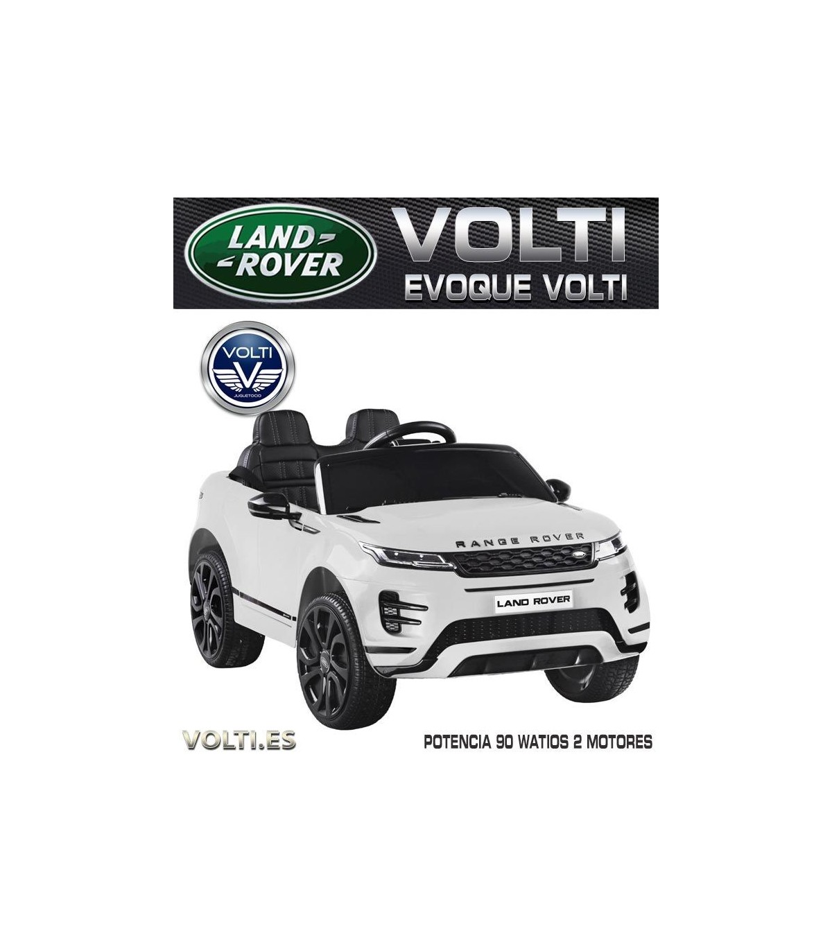 Batería una de 12V 7Ah. Arranque mediante llave. 3 velocidades: rápida y lenta.(Este coche al tener 3 velocidades, sirve para niño muy pequeño y para niño grande). Velocidad: de 3 k/h a 7 km/h. Edad: De 1 a 7 años ( Menos edad bajo la supervisión de los padres) *Dispositivo para sonido, Bluetooth, puerto Jack para conectar su dispositivo movil o un MP3, un puerto USB para conectar un Pendrive, otro puerto para tarjeta micro SD. Dispone para su fácil transporte de ruedines traseros y asidero en la parte delantera del coche. Tamaño coche: 108cm de largo, 67 cm de ancho, 51 cm alto. Peso del coche: 13,8 kg. Tamaño caja: 111 cm de largo, 59cm ancho, 36,5 cm alto. Peso de la caja: 18 kg. * Ruedas de EVA (caucho, goma). VOLTI VENDE SIEMPRE EN TODOS SU MODELOS DE COCHE RUEDAS DE GOMA CAUCHO EVA de bajo ruido) Sistema de amortiguación 1 Asiento de una plaza tapizado mullido con cinturón de 5 puntos de ajustes para mayor seguridad del niño. Medidas asiento 41cm. y medida respaldo 44cm. Capacidad de peso de carga: 35 Kg. Tiempo de ejecución: +-1 hora de uso continuo. Función Control Remoto: adelante, atrás, izquierda y derecha Luces delanteras, Luces traseras.. Sonidos música en el volante. Acelerador progresivo en el Pedal y en el Control Remoto Frenado automático y frenado manual con pedal de freno. También frenado y botón de emergencia desde el mando tanto en modo radiocontrol como conducción manual. Certificación: RoHS, CE, EN71, ISO, EN62115, Aprobado por la CE. Licencia LAND ROVER EVOQUE - Licensed by LAND ROVER. El juguete se entrega parcialmente montado. 3 años de garantía contra defecto de fabricación. *SERVICIO TÉCNICO TALLER DE REPARACIONES, Servicio Postventa, piezas de repuestos, asistencia/resolución de averías, soporte telefónico para averías, venta de repuestos, consumibles de todos los modelos y marcas. (Contacta con nosotros). Decoración de productos y especificaciones del fabricante están sujetas a cambios sin previo aviso.
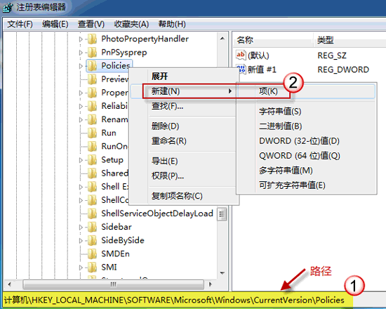 找到 ActiveDesktop 項。(如果沒有,請右擊“Policies”,選擇“新建->項”,并命名為 ActiveDesktop)
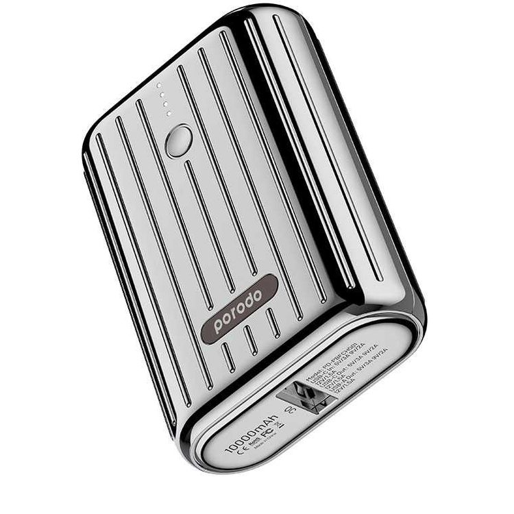 Porodo Power Bank 10000mAh QC3.0 with PD 20W, Dual Output, 3.5H Charging Time, Unique Design, Portable, Fast Charging - Silver

What the task asks: Word for word, restate all of the material above except its pictures.

Solution to the problem:
 Batería una de 12V 7Ah. Arranque mediante llave. 3 velocidades: rápida y lenta.(Este coche al tener 3 velocidades, sirve para niño muy pequeño y para niño grande). Velocidad: de 3 k/h a 7 km/h. Edad: De 1 a 7 años ( Menos edad bajo la supervisión de los padres) *Dispositivo para sonido, Bluetooth, puerto Jack para conectar su dispositivo movil o un MP3, un puerto USB para conectar un Pendrive, otro puerto para tarjeta micro SD. Dispone para su fácil transporte de ruedines traseros y asidero en la parte delantera del coche. Tamaño coche: 108cm de largo, 67 cm de ancho, 51 cm alto. Peso del coche: 13,8 kg. Tamaño caja: 111 cm de largo, 59cm ancho, 36,5 cm alto. Peso de la caja: 18 kg. * Ruedas de EVA (caucho, goma). VOLTI VENDE SIEMPRE EN TODOS SU MODELOS DE COCHE RUEDAS DE GOMA CAUCHO EVA de bajo ruido) Sistema de amortiguación 1 Asiento de una plaza tapizado mullido con cinturón de 5 puntos de ajustes para mayor seguridad del niño. Medidas asiento 41cm. y medida respaldo 44cm. Capacidad de peso de carga: 35 Kg. Tiempo de ejecución: +-1 hora de uso continuo. Función Control Remoto: adelante, atrás, izquierda y derecha Luces delanteras, Luces traseras.. Sonidos música en el volante. Acelerador progresivo en el Pedal y en el Control Remoto Frenado automático y frenado manual con pedal de freno. También frenado y botón de emergencia desde el mando tanto en modo radiocontrol como conducción manual. Certificación: RoHS, CE, EN71, ISO, EN62115, Aprobado por la CE. Licencia LAND ROVER EVOQUE - Licensed by LAND ROVER. El juguete se entrega parcialmente montado. 3 años de garantía contra defecto de fabricación. *SERVICIO TÉCNICO TALLER DE REPARACIONES, Servicio Postventa, piezas de repuestos, asistencia/resolución de averías, soporte telefónico para averías, venta de repuestos, consumibles de todos los modelos y marcas. (Contacta con nosotros). Decoración de productos y especificaciones del fabricante están sujetas a cambios sin previo aviso.
 找到 ActiveDesktop 項。(如果沒有,請右擊“Policies”,選擇“新建->項”,并命名為 ActiveDesktop)
 Porodo Power Bank 10000mAh QC3.0 with PD 20W, Dual Output, 3.5H Charging Time, Unique Design, Portable, Fast Charging - Silver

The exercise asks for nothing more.